The five applicants who were not chosen are American Paradigm, Creative Minds Partnership, CMSI Academies, Mosaica Turnaround Partners, and String Theory.

Three of them now operate Renaissance turnarounds. Two are in their first year: String Theory at the Philadelphia Charter School for the Arts and Sciences at H.R. Edmunds, and American Paradigm at the Memphis Street Academy Charter School at J.P. Jones. Mosaica has operated the Birney Preparatory Academy since 2011.

CSMI is the for-profit management company that operates Chester Community Charter School, which educates more than half the elementary-age children in Chester-Upland. That charter school, described on the company’s website as "one of Pennsylvania’s great educational success stories," last year was among those investigated by the state for suspicious PSSA test score patterns, including high numbers of wrong-to-right erasures, and was required to impose much stricter test security protocols in 2012. After the measures were adopted, student proficiency rates in math and reading plummeted by 30 points. A school spokesman attributed the decline to reduced funding from the state.

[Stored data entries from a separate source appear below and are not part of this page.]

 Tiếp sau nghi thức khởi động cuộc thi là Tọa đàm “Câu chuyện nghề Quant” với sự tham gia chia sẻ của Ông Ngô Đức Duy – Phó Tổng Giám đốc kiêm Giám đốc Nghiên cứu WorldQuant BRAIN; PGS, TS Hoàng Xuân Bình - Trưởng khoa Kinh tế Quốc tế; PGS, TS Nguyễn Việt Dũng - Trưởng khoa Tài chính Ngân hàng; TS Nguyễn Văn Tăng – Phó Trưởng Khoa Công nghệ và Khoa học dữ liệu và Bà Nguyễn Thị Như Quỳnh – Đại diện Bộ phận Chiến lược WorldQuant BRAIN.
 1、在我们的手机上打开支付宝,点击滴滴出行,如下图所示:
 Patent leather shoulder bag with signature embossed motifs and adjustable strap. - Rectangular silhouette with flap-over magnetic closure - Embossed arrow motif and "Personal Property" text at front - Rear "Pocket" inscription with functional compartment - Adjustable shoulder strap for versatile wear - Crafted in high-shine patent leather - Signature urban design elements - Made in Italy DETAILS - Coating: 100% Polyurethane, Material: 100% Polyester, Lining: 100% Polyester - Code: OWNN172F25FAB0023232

The company’s founder, Vahan Gureghian, was Gov. Corbett’s largest single campaign contributor. He has consistently declined to release information on CSMI’s fee structure and profits from operating Chester Community, repeatedly arguing in court that as a private company, CSMI is not subject to Pennsylvania Right-to-Know laws.

Creative Minds Partnership was formed by musicians Carvin Haggins and Carol Riddick. According to their website, they sought to open the city’s first African American Renaissance elementary charter school for both arts and STEM subjects (Science, Technology, Engineering, Math). They said they were inspired in part by Kenny Gamble, who founded Universal Companies.